• _Assigned task_
Copy out exactly the stretch below, from the line with "D.studio韓版寬鬆復古咖啡色皮衣 皮外套 夾克" through the line with "- Quyển 3-4", both included; the pictures stay out.

------ Entries provided

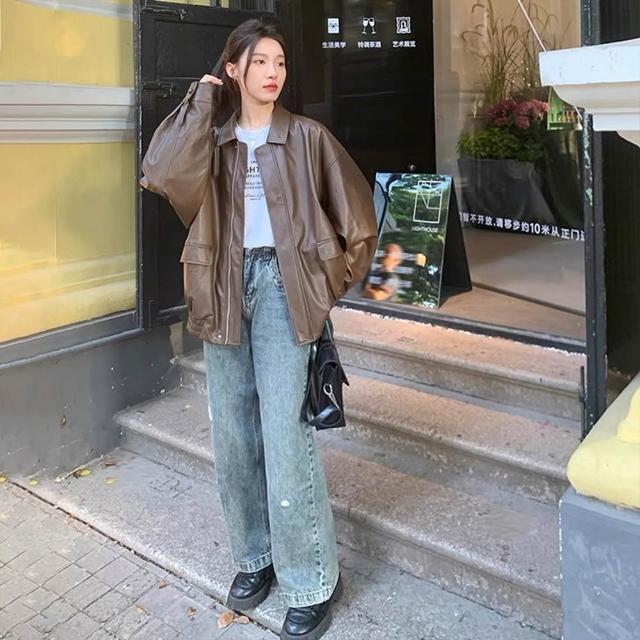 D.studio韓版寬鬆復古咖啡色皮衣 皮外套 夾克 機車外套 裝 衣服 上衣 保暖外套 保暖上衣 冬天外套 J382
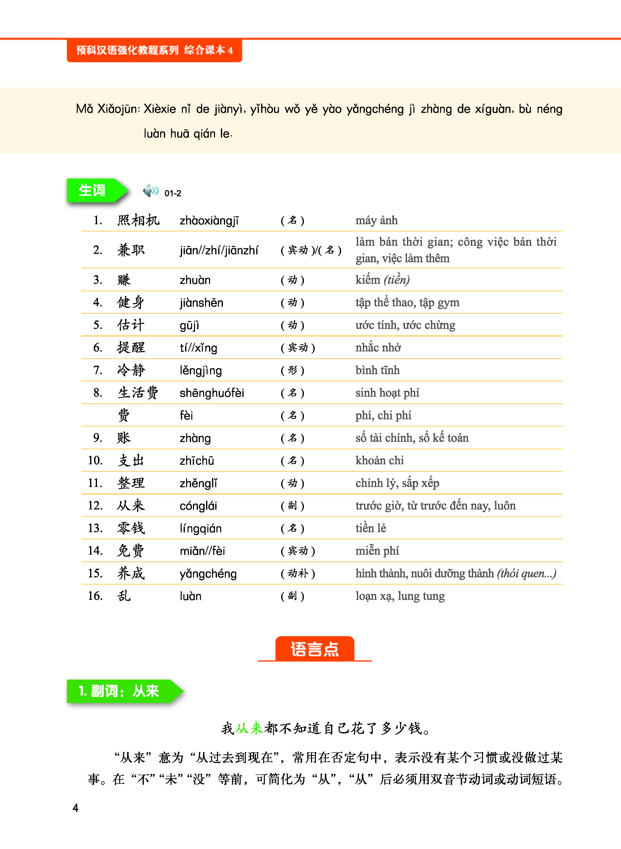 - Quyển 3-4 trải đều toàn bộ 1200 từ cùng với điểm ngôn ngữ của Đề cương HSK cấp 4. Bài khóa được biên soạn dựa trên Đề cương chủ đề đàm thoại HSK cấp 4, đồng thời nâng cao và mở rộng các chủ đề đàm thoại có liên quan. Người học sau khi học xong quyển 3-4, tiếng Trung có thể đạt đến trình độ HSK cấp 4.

------------
------ Entries provided

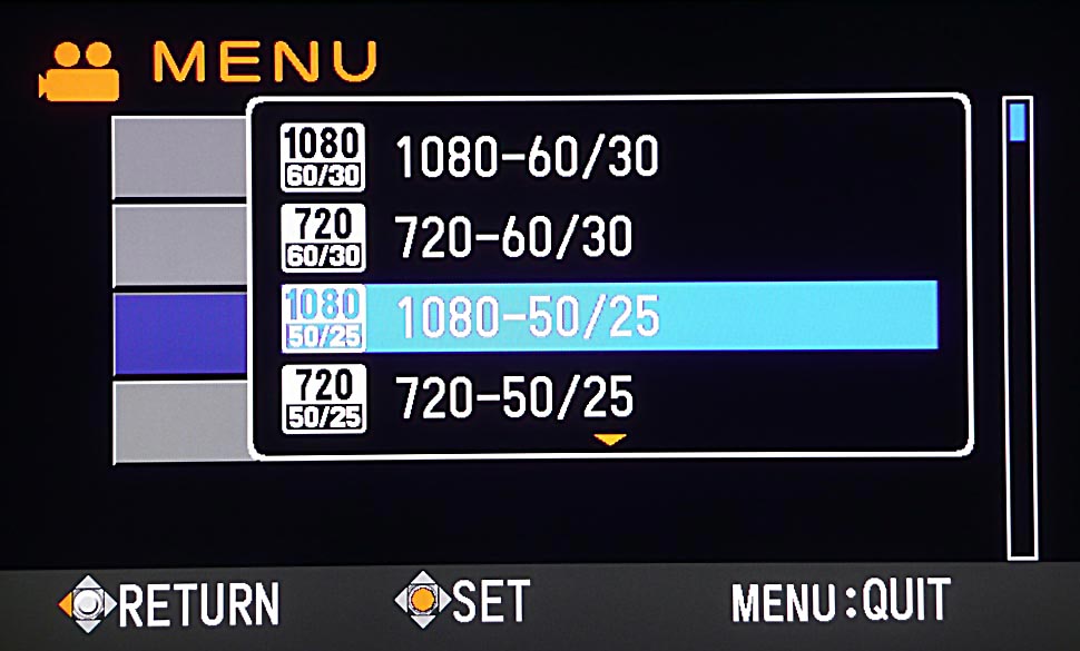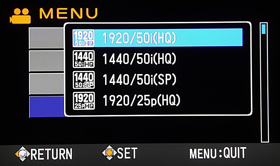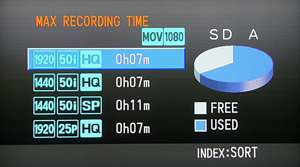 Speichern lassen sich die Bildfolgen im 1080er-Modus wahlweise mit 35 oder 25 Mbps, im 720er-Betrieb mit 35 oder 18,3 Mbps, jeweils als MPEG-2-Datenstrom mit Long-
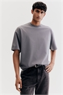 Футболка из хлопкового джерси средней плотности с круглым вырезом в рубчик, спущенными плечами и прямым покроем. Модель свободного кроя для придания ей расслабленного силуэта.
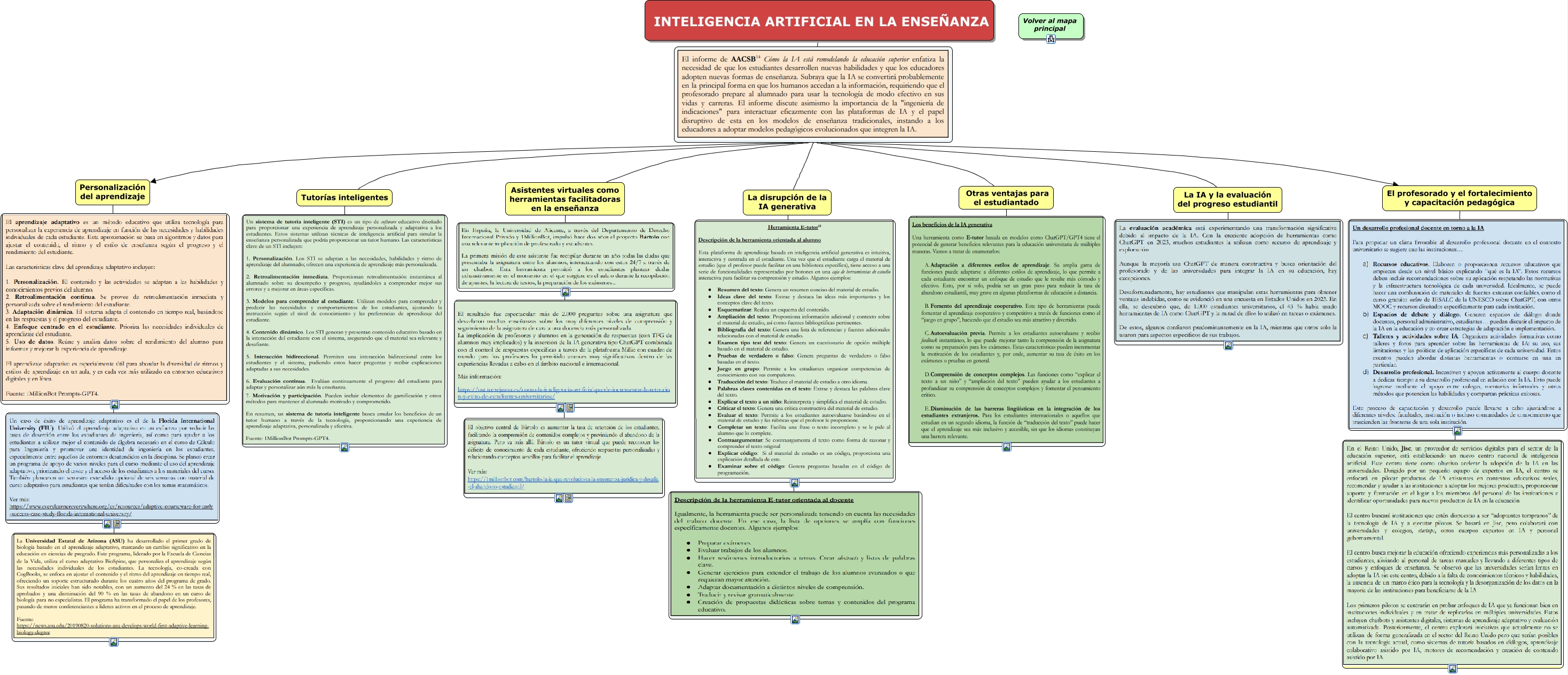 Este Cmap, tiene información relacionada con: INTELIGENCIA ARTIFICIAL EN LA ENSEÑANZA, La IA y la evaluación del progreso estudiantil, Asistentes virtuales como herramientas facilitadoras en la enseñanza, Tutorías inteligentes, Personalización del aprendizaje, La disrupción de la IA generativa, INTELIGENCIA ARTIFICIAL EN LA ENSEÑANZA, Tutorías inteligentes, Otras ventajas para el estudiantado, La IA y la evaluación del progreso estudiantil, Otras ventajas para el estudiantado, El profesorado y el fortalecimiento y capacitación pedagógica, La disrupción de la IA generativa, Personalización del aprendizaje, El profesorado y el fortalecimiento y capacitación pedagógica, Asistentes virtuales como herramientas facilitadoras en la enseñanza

------------

• _Exercise answer_
 D.studio韓版寬鬆復古咖啡色皮衣 皮外套 夾克 機車外套 裝 衣服 上衣 保暖外套 保暖上衣 冬天外套 J382
 - Quyển 3-4 trải đều toàn bộ 1200 từ cùng với điểm ngôn ngữ của Đề cương HSK cấp 4. Bài khóa được biên soạn dựa trên Đề cương chủ đề đàm thoại HSK cấp 4, đồng thời nâng cao và mở rộng các chủ đề đàm thoại có liên quan. Người học sau khi học xong quyển 3-4, tiếng Trung có thể đạt đến trình độ HSK cấp 4.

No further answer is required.